= Alisa Stephens-Shields =

American biostatistician

Alisa J. Stephens-Shields is an American biostatistician whose research focuses on the statistics of clinical trials, including cluster-randomised controlled trials, longitudinal data, semiparametric models, and causal inference. She is an associate professor of biostatistics in the Perelman School of Medicine at the University of Pennsylvania, where she has been a collaborator on studies on pelvic pain and on the effects of testosterone treatment on older men. She also holds an adjunct faculty position at Harvard University.

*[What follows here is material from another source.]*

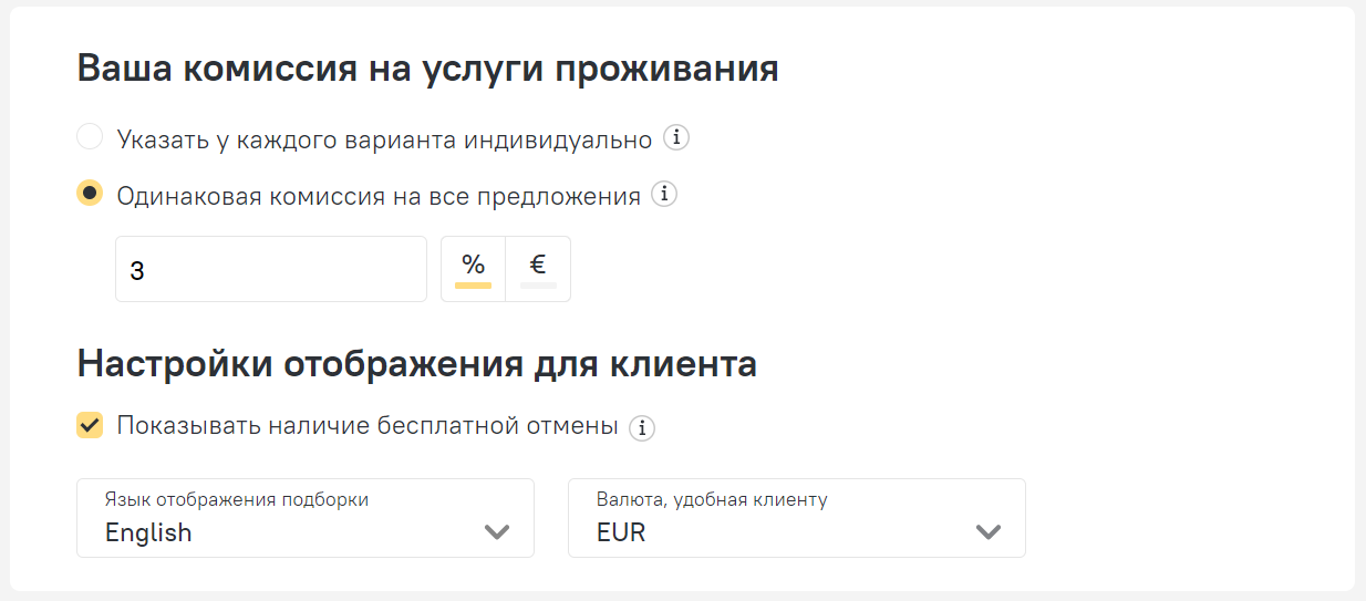Решение: в отельных подборках на RateHawk есть специальная графа «Ваша комиссия на услуги проживания». Независимо от формата (ссылка или pdf-файл) клиент увидит только итоговую стоимость. Ещё одно преимущество: для каждого тарифа можно указать свой размер комиссии!

==Early life and education==
Stephens-Shields is African American. She grew up as the youngest of three children in Teaneck, New Jersey. Her father, who grew up nearby, worked as a civil engineer, and her mother was an immigrant from Jamaica. She enjoyed playing computer puzzle games as a teenager, and after graduating from Teaneck High School, she majored in mathematics, with a minor in Spanish, as an undergraduate at the University of Maryland, College Park. Her interest in biostatistics and public health began in her junior year, and continued with a research project at Rutgers University the following summer, and a senior-year internship at the National Cancer Institute. After graduating in 2006, and six months of community service in Costa Rica, she continued her studies in statistics in the Harvard T.H. Chan School of Public Health at Harvard University. She received a master's degree there in 2009, and completed her Ph.D. in 2012.

==Recognition==
Stephens-Shields was named to the Leadership Academy of the Committee of Presidents of Statistical Societies in 2021. She was named as a Fellow of the American Statistical Association in 2023. She was the recipient of the 2024 Myrto Lefkopoulou Distinguished Lectureship at the Harvard T.H. Chan School of Public Health.